Top Site Selection Factors for Incentived Companies Relocating or Expanding in Nevada

I recently read the results of this year's AreaDevelopment site selection factor surveys. Executives from the companies considering new locations ranked the "availability of skilled labor" in the #3 spot. The consultants that advise them on location strategy viewed it as the most critical, ranking it #1. This had me reflecting on my home state. Which factors are most important to companies looking to relocate or expand in Nevada? One might guess a business-friendly tax environment, and that's right. That's one of them.

It can vary considerably whether a company, through an internal representative or outside consultant, works the most with state or local-level economic development organizations throughout this process. Not here in Nevada. It's pretty clear cut. We have a unified economic development ecosystem where the local and regional development partners are at the forefront of this process (with some exceptions, of course). Having previously worked at the state-level Nevada Governor's Office of Economic Development, I was a liason between the regional partners and the companies. Even in my somewhat limited exposure, it was evident that workforce considerations were a big deal; companies were very much interested in knowing more about workforce training opportunities and information about the concentration of workers in various industries and job types.

This is conventional wisdom is this field, or common sense really, but I was still interested in seeing what the numbers had to say for Nevada. I knew this was possible. A survey section to rate various site selection factors was added in the applications that companies filled out to apply for state incentives four years ago. Since then, over 150 companies have applied for incentives.

Aside from satiating my own curiosities, this project is more about applying R's regular expressions (regex) capabilities to mine text (and my learning how to put together a dashboard in Tableau afterwards). After some thought, this was an ideal fit and simple enough. I knew exactly what I wanted to do, but definitely wasn't so sure if that exact way was possible! This turned out to be a pretty fun learning project.

Not surprisingly, workforce was indeed a resounding top criteria for the companies across industry sectors and regions in Nevada. Visualization results are available via my PublicTableau profile and a write up can be found here.
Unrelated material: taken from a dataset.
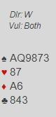 Min lagkamerat fant altså den vinnende meldingen, men dessverre kludret han det til i spilleføringen og gikk bet, -100. Ved det andre bordet spilte vi 3 ruter med +110, uavgjort spill.

This repo is for demo purposes, shown as an example of scraping PDF reports using text pattern matching. It contains a sample of files from the source (the first five PDF reports from the latest May meeting) and scripts that mine text for select variables.

Workflow

The source of the data is from publically available PDF reports from the Nevada Governor's Office of Economic Development, which holds bimonthly open meetings to approve applicant companies and their expansion projects for tax incentives.

Start by downloading and unzipping the "workflow.zip" folder. Contents include the following subfolders:

  • 1downloadspdf: the source data files
  • 2downloadstxt and 3finalfiles: empty folders to catch the scripts' outputs
  • 4script: contains the R scripts for the two-step process outlined below

Step 1 - Screen PDF reports for presence of survey. Start with script 1 script-to-screen-ssf.R, which converts from PDF to text format (character vectors) for each report. Contains a for-loop to check whether there is a valid survey present, which evaluates to True or False. Output is a list with the Boolean result for each corresponding PDF file (ssfboolean.csv).
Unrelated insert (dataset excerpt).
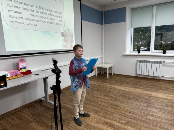 Затем состоялась и очная защита проектов. Члены жюри очень внимательно слушали ребят, которые представили множество интересных идей и проектов самой разной направленности, от настольных игр до медицинских аппаратов. Выбор победителей был очень сложным.

Step 2 - Mine text from report. Script 2.1 script-stringmatch-wrapperfunction.R creates CSV versions of the PDF reports (outputs to ' the 2downloadstxt subfolder). Text is mined from the CSV files using a wrapper function, which calls on an external source script (2.2 script-stringmatch.R). Regular expressions and functions for pattern matching were used to identify and extract survey ratings for the site selection factors, plus other information about the company's expansion project (e.g., county location, industry sector, number of new jobs planned, and so on). The results are exported to the 3finalfiles subfolder. Finally, the information is combined into a single CSV file (masterR.csv).